Intel TBB (Threading Building Blocks)
Why TBB over OpenMP
OpenMP is the right tool for parallel loops where the iteration count is known at compile time and the work per iteration is roughly uniform. TBB covers everything else:
- Irregular parallelism — tasks of different sizes, dynamic task creation
- Task graphs — DAGs of compute stages with dependencies
- Producer-consumer pipelines — back-pressure, bounded buffers
- Concurrent containers — thread-safe hash maps and queues without external locks
TBB uses work-stealing: idle threads steal tasks from busy threads' queues. This adapts automatically to unbalanced workloads without manual schedule tuning.
CMake/Conan Setup
System-installed TBB:
find_package(TBB REQUIRED)
target_link_libraries(myapp PRIVATE TBB::tbb)Via Conan (conanfile.txt):
[requires]
onetbb/2021.12.0
[generators]
CMakeDeps
CMakeToolchainThen in CMake:
find_package(TBB REQUIRED)
target_link_libraries(myapp PRIVATE TBB::tbb)On macOS: brew install tbb. On Ubuntu: apt install libtbb-dev.
tbb::parallel_for
Range-based parallel loop with automatic grain-size tuning:
#include <tbb/parallel_for.h>
#include <tbb/blocked_range.h>
#include <vector>
std::vector<float> data(1'000'000);
tbb::parallel_for(
tbb::blocked_range<size_t>(0, data.size()),
[&](const tbb::blocked_range<size_t>& r) {
for (size_t i = r.begin(); i < r.end(); ++i) {
data[i] = std::sin(data[i]);
}
}
);blocked_range splits the iteration space recursively. TBB decides the grain size (the smallest chunk worth scheduling). Override with a third constructor argument if profiling shows the auto grain is wrong:
tbb::blocked_range<size_t>(0, n, /*grainsize=*/4096)For 2D ranges (image processing, matrix ops):
#include <tbb/blocked_range2d.h>
tbb::parallel_for(
tbb::blocked_range2d<int>(0, rows, 0, cols),
[&](const tbb::blocked_range2d<int>& r) {
for (int y = r.rows().begin(); y < r.rows().end(); ++y)
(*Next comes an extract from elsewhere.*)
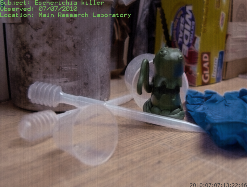 The unbelievable heat here in New York has just about everything at a standstill, so painting the first wave has been pushed back. Unfortunately, there was an accident in the lab, and the one killer that received a base coat so I could show off the sculpt escaped, leaving a path of destruction behind. Attached are the last photos of the specimen, taken by the late guard on duty at the time:
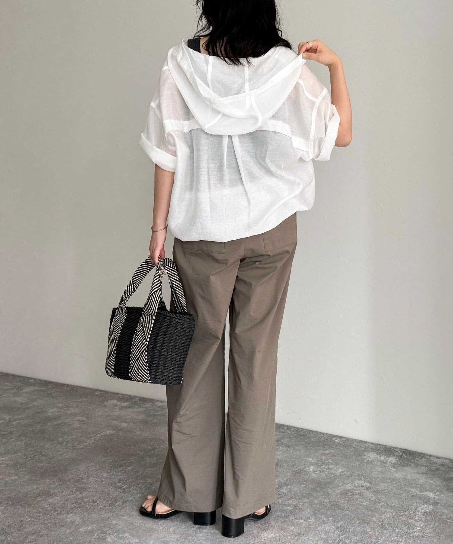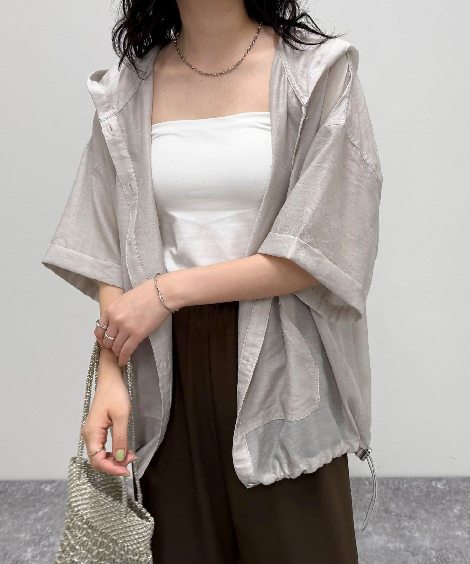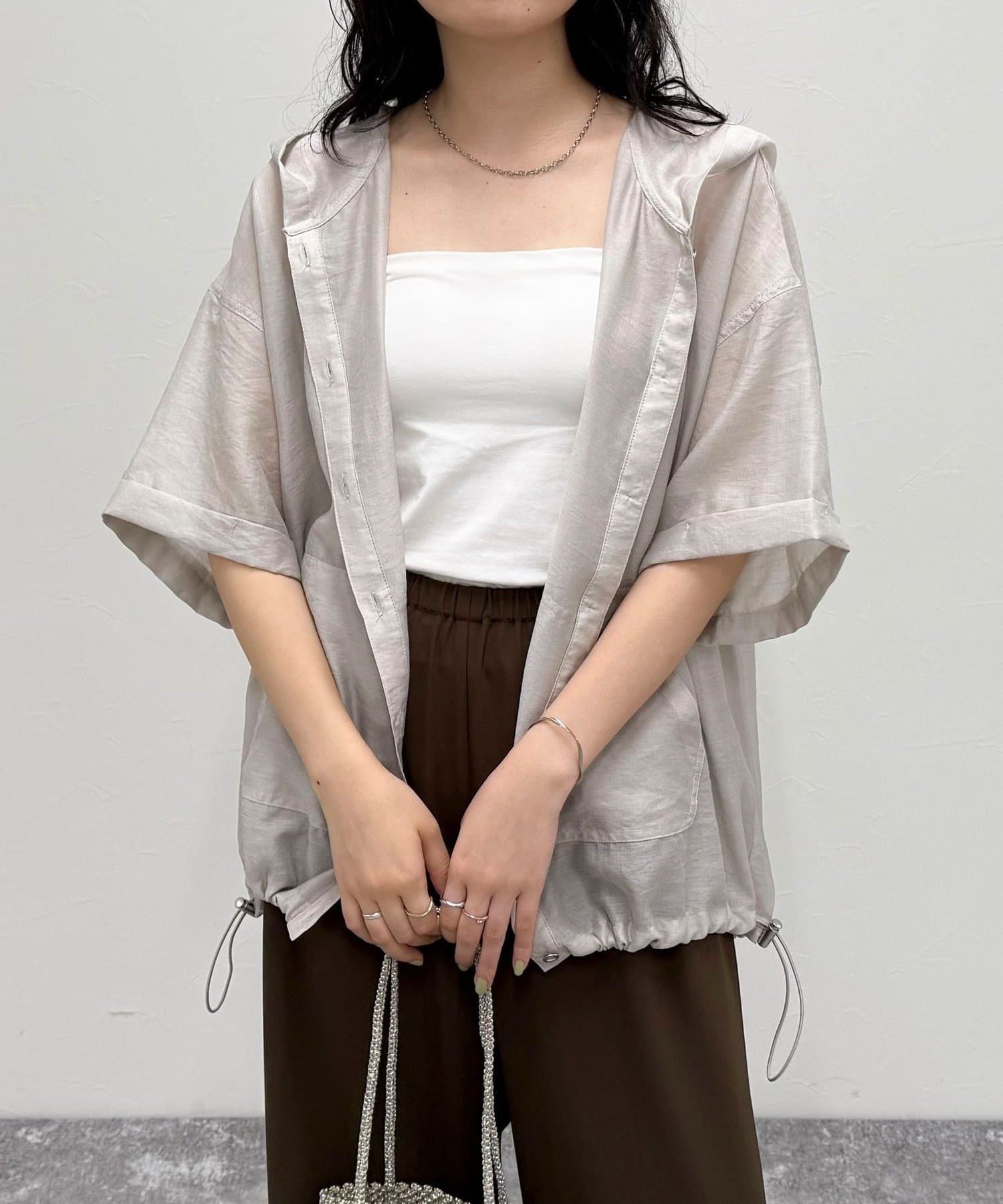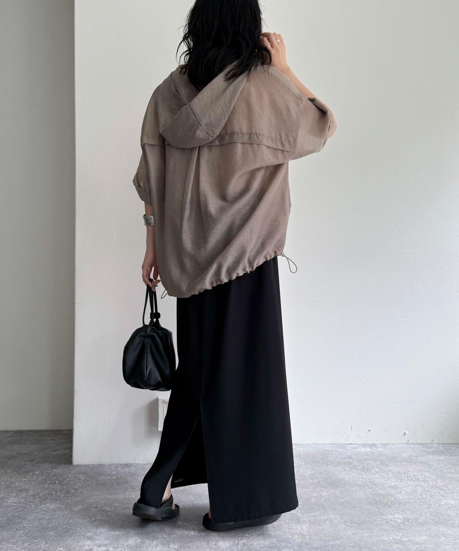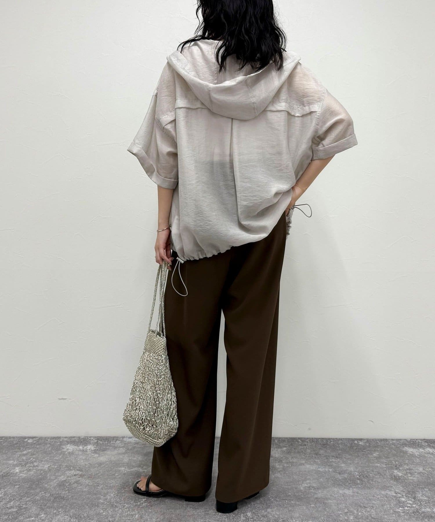 ・カジュアルなフード付きデザインに、上品なシアー素材を組み合わせることで、大人が楽しめるバランスの取れた1枚に仕上がりました

for (int x = r.cols().begin(); x < r.cols().end(); ++x)
process_pixel(y, x);
}
);tbb::parallel_pipeline
Producer-consumer chains with bounded parallelism and back-pressure. Each filter is a stage in the pipeline:
#include <tbb/parallel_pipeline.h>
#include <fstream>
#include <string>
std::ifstream input("frames.bin", std::ios::binary);
tbb::parallel_pipeline(
/*max_tokens=*/8, // at most 8 items in flight
tbb::make_filter<void, Frame>(
tbb::filter_mode::serial_in_order,
[&](tbb::flow_control& fc) -> Frame {
Frame f;
if (!read_frame(input, f)) { fc.stop(); return {}; }
return f;
}
) &
tbb::make_filter<Frame, Frame>(
tbb::filter_mode::parallel,
[](Frame f) -> Frame {
apply_filter(f);
return f;
}
) &
tbb::make_filter<Frame, void>(
tbb::filter_mode::serial_in_order,
[](Frame f) {
write_output(f);
}
)
);Filter modes:
serial_in_order— one token at a time, output order matches input order (I/O stages)serial_out_of_order— one token at a time, any orderparallel— multiple tokens processed concurrently (compute stages)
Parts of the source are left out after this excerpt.